For folk’s sake: the rise of pop-folk
Why is current music so saturated with references to folk traditions? Alice Rudge explores its rise in modern music culture, and probes the authenticity of modern ideas of folk

No one would want to be branded a ‘folkie’. The word conjures up an image of a cider-swigging, morris-dancing yokel with a penchant for ‘hey nonny-nonnys’ and, sadly, less of a penchant for washing. Folk is uncool. The young don’t get excited by the idea of tradition any more than the old get excited by the avant-garde. So how do we explain the recent surge in popularity of folk-tinged popular music that has variously been termed ‘nu-folk,’ or ‘psych-folk’?
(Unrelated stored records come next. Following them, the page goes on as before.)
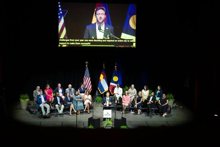 For his second address, Johnston spoke from a platform inside the Seawell Ballroom at the Denver Center for the Performing Arts on July 21 and highlighted a checklist of successes tied to his initial vision for the city.
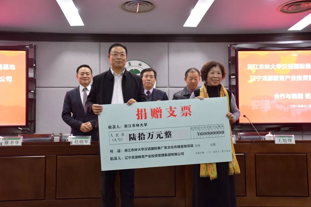 2019年12月19日,浙江农林大学汉语国际推广茶文化传播基地与辽宁龙源教育产业投资管理集团有限公司合作与捐赠签约仪式在东湖校区举行。校长应义斌,龙源集团董事长赵晓军,文法学院名誉院长、汉语国际推广茶文化传播基地主任王旭烽出席仪式。仪式由副校长吴家胜主持。
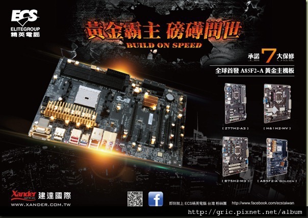 精英電腦將在台灣正式開賣:全球第一片AMD黃金主機板A85F2-A GOLDEN,在用料上首開業界創舉採用黃金散熱介面,特殊造型散熱鰭片將大幅提升30%的散熱性能,更搭配Nonstop獨家72小時50度高溫燒機(Super Burn Test)認證,強勁的產品規格與高水準的品質標準,勢必將新一代FM2平台發揮至效能極限!另外強打Z77H2-A3主機板也升級精英eOC軟體可細部調校與優化性能,DDR3可直達2800MHz,提供極致的遊戲體驗!
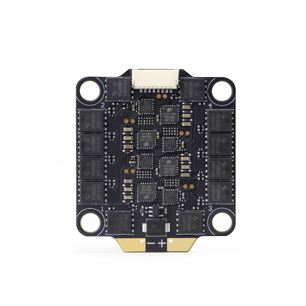 Key features: 1. BL-S 60A 4-in-1 ESC delivering consistent performance and strong flight capabilities 2. Premium immersion gold design ensures excellent heat and current tolerance, with large ESC pads and direct flight controller connection to avoid soldering 3. Compatible with DShot600/300/150 digital protocol standards.
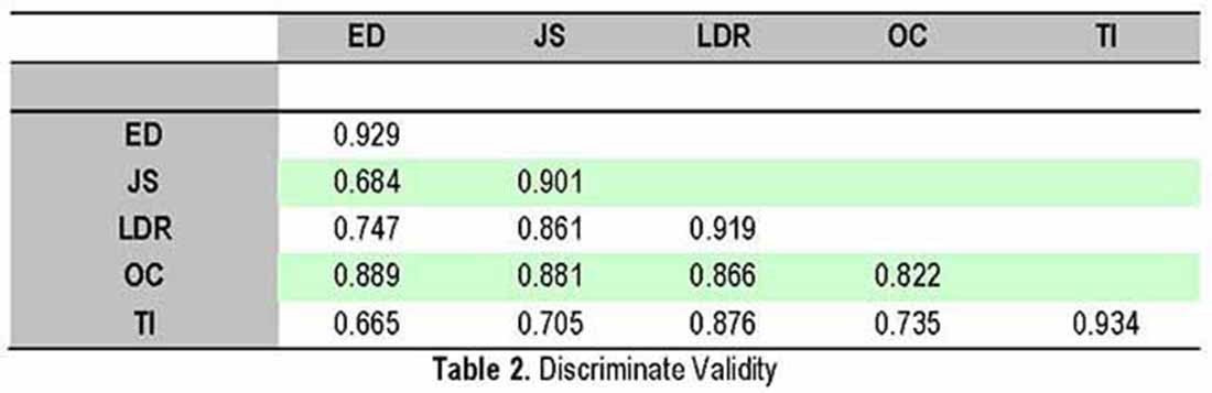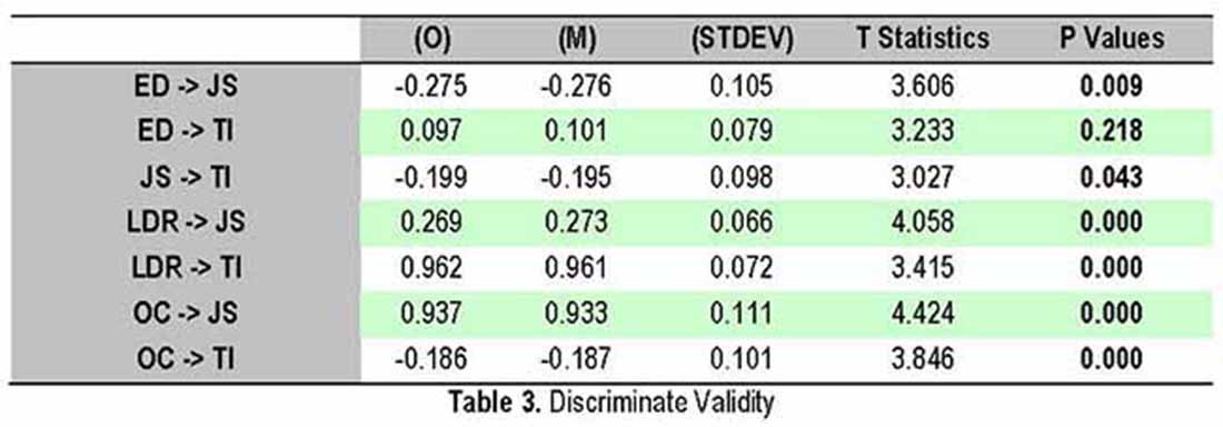 According to the findings, the standard value was not less than 0.60. The value is equal to 0.7 or greaterthan it is considered sufficient. The next step was to estimate the convergent validity (Henseler et al.: 2009, pp. 277-319). This is related to the level of relationship among similar constructs that are not related theoretically. The level of correction between the same construct measures is reflected here (Hair et al.: 2013, pp.1-12). The standard value of AVE as 0.50 or greater is used to identify the convergent element in the estimation of the construct (Henseler et al.: 2009, pp. 277-319; Mohammadi & Yekta: 2018, pp. 1-7). It is indicated by the 0.50 value of AVE that there was sufficient convergent validity. Half of the variance was explained by the latent construct and it reflected a sufficient level of convergent validity (Hair et al.: 2013, pp. 1-12).

Folk music is rather romantically described by many as ‘the music of the people’. It has always naturally been a community music: many refuse to acknowledge that traditional songs have had a composer at all, but have sprung up as a result of a feeling of a particular group of people at a particular time in history. As a result, it has always had a role as protest music, and let’s face it – protest is a bit cool. One only has to look at Bob Dylan’s massive 60s following to see that.

People want to feel like they are the renegades on the edge of society fighting for a worthy cause, and folk music allows them to feel like they could be that person - even if they are just some middle class kid listening to it in their room at home. Folk somehow inspires that feeling of power and possibility because of the contexts in which we are used to hearing it; for example, Joan Baez’s rendition of ‘We Will Overcome’ can’t help but conjure up images of the Civil Rights Movement in America.
In this age of Simon Cowell, something music fans do want to protest about is the homogenisation and general dumbing-down that is mass media entertainment. Folk offers the perfect antidote for this. Whereas One Direction are shiny and new, folk is nicely worn and tattered; vintage, if you will. Folk has a personality; it’s otherworldly and yet at the same time honest and earthy. Songwriters today are looking to use this inherent honesty and authenticity that folk music has to give their own music those same qualities.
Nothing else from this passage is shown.